## Information shown:
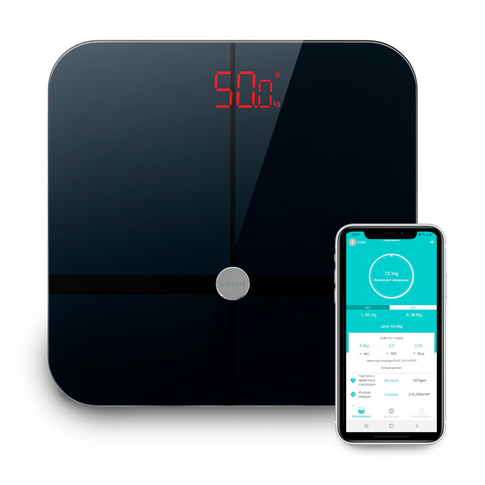 Kitfort Весы представляет поколение умных весов. Они обеспечивают высокую точность измерения и станут неизменным спутником для людей, следящих за весом. Внутри весов встроены датчики, встав на которые проводится диагностика тела. Далее весы легко синхронизируются с приложением Fitdays по Bluetooth, где будут отражены показатели вашего тела. Вся информация будет храниться у вас в телефоне. В течение 5 сек унд после взвешивания, в приложении отразятся важнейшие параметры вашего тела. Среди них: вес, возраст тела, содержание воды, белка, жира и костной массы в вашем организме, общий баланс вашего тела и многие другие. Чтобы узнать вес ребёнка, активируйте режим Baby Mode, предварительно встав на весы без него, а затем вместе. Весы сами рассчитают вес ребёнка и запомнят его. Весы запоминают информацию по каждому пользователю, всего можно добавить до 24 человек. Весы оснащены жидкокристаллическим дисплеем с крупными цифрами, что делает их использование максимально удобным. Весы выполнены из закалённого стекла, которое лишь на первый взгляд кажется хрупким: на самом деле оно выдерживает массу до 180 кг. Весы имеют стильный и привлекательный дизайн, благодаря чему впишутся в любой интерьер. Прорезиненные ножки обеспечивают весам дополнительную устойчивость и предотвращают их скольжение по полу, что гарантирует безопасность во время взвешивания. На обратной стороне устройства находится разъём для батареек. Низкое энергопотребление обеспечивает бесперебойную работу устройства от одного комплекта из четырёх батареек AAA. Включение и выключение весов происходит автоматически.
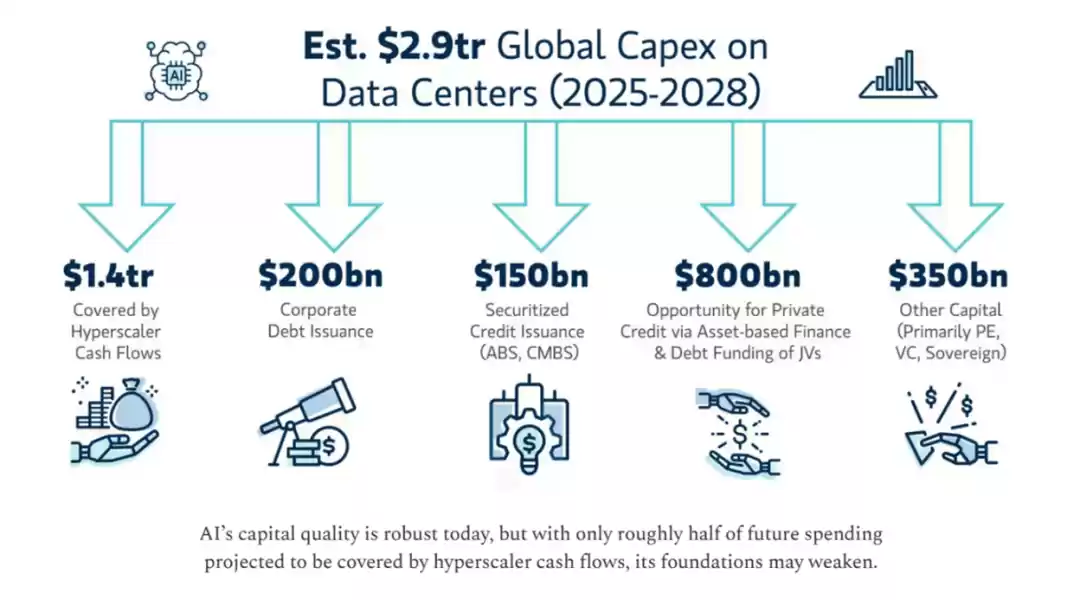 在这方面,如今的AI热潮看起来更稳健。微软、亚马逊、谷歌母公司Alphabet、Meta和英伟达都在赚取海量现金流,轻松就能自筹资金来建设自己的版图——目前是如此。但投资需求正迅猛提升。摩根士丹利估计,2025到2028年全球数据中心资本支出总额将达到2.9万亿美元。超大规模厂商或许能用自身现金覆盖其中的一半,剩下的必须来自私募信贷、证券化融资以及新进入者。各国政府也承诺了1.6万亿美元的主权AI投资,中东产油国资本也在寻求新的机会。
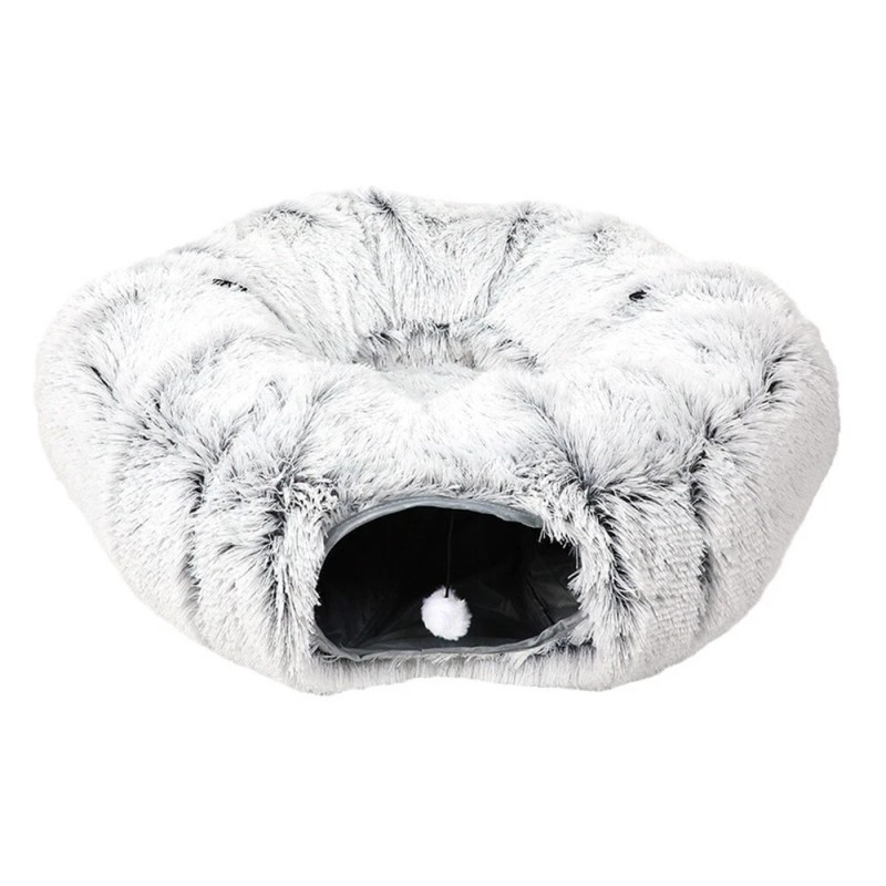 Dual Function: Cat tunnel bed features a circular tunnel design that caters to cats instincts to burrow and play. The washable circle cushion allows cat to rest comfortably on it, donut tunnel for another cat to play,enabling two cats to use the bed simultaneously without disturbing each other. This innovative design provides endless entertainment for your cats.
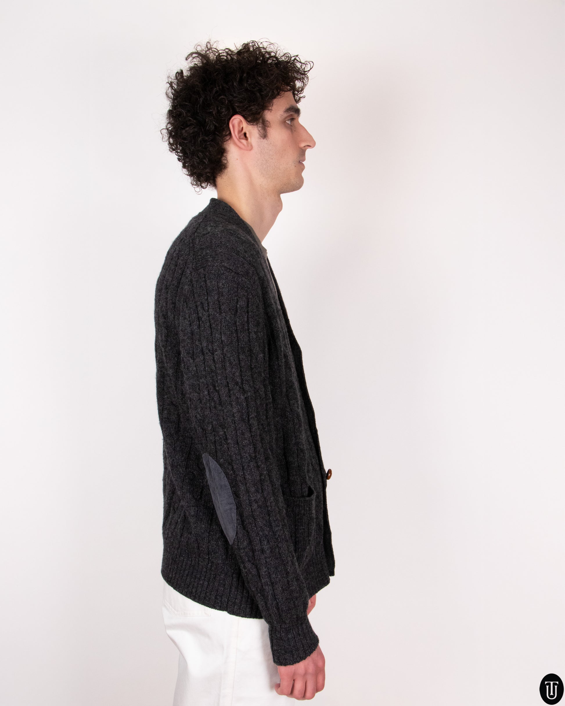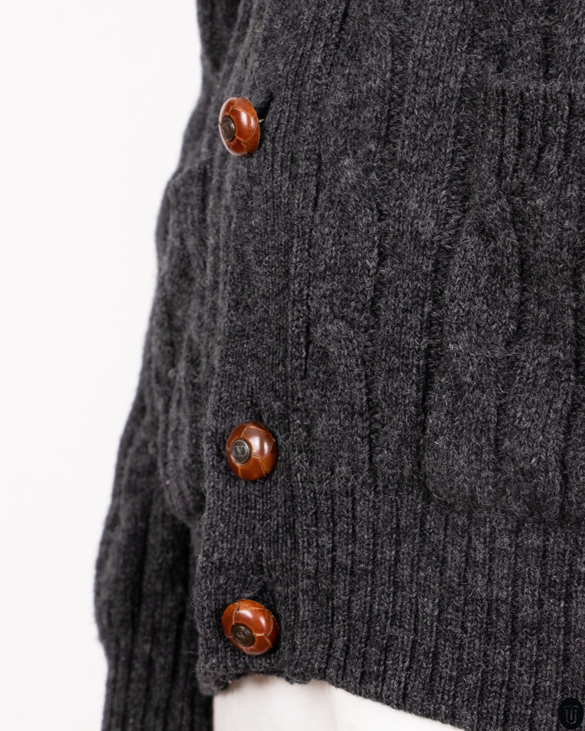 This 1990s Valentino wool cardigan embodies a refined take on rustic elegance, rendered in a dense, heathered charcoal wool with a prominent cable knit texture. The silhouette is relaxed, featuring a deep V-neckline, horn-style buttons, and patch pockets. The cardigan also features wool elbow patches and oversized front pockets.

## What the exercise asks:
Output the data exactly. Pictures don't belong in the result.

## Expected output:
 Kitfort Весы представляет поколение умных весов. Они обеспечивают высокую точность измерения и станут неизменным спутником для людей, следящих за весом. Внутри весов встроены датчики, встав на которые проводится диагностика тела. Далее весы легко синхронизируются с приложением Fitdays по Bluetooth, где будут отражены показатели вашего тела. Вся информация будет храниться у вас в телефоне. В течение 5 сек унд после взвешивания, в приложении отразятся важнейшие параметры вашего тела. Среди них: вес, возраст тела, содержание воды, белка, жира и костной массы в вашем организме, общий баланс вашего тела и многие другие. Чтобы узнать вес ребёнка, активируйте режим Baby Mode, предварительно встав на весы без него, а затем вместе. Весы сами рассчитают вес ребёнка и запомнят его. Весы запоминают информацию по каждому пользователю, всего можно добавить до 24 человек. Весы оснащены жидкокристаллическим дисплеем с крупными цифрами, что делает их использование максимально удобным. Весы выполнены из закалённого стекла, которое лишь на первый взгляд кажется хрупким: на самом деле оно выдерживает массу до 180 кг. Весы имеют стильный и привлекательный дизайн, благодаря чему впишутся в любой интерьер. Прорезиненные ножки обеспечивают весам дополнительную устойчивость и предотвращают их скольжение по полу, что гарантирует безопасность во время взвешивания. На обратной стороне устройства находится разъём для батареек. Низкое энергопотребление обеспечивает бесперебойную работу устройства от одного комплекта из четырёх батареек AAA. Включение и выключение весов происходит автоматически.
 在这方面,如今的AI热潮看起来更稳健。微软、亚马逊、谷歌母公司Alphabet、Meta和英伟达都在赚取海量现金流,轻松就能自筹资金来建设自己的版图——目前是如此。但投资需求正迅猛提升。摩根士丹利估计,2025到2028年全球数据中心资本支出总额将达到2.9万亿美元。超大规模厂商或许能用自身现金覆盖其中的一半,剩下的必须来自私募信贷、证券化融资以及新进入者。各国政府也承诺了1.6万亿美元的主权AI投资,中东产油国资本也在寻求新的机会。
 Dual Function: Cat tunnel bed features a circular tunnel design that caters to cats instincts to burrow and play. The washable circle cushion allows cat to rest comfortably on it, donut tunnel for another cat to play,enabling two cats to use the bed simultaneously without disturbing each other. This innovative design provides endless entertainment for your cats.
 This 1990s Valentino wool cardigan embodies a refined take on rustic elegance, rendered in a dense, heathered charcoal wool with a prominent cable knit texture. The silhouette is relaxed, featuring a deep V-neckline, horn-style buttons, and patch pockets. The cardigan also features wool elbow patches and oversized front pockets.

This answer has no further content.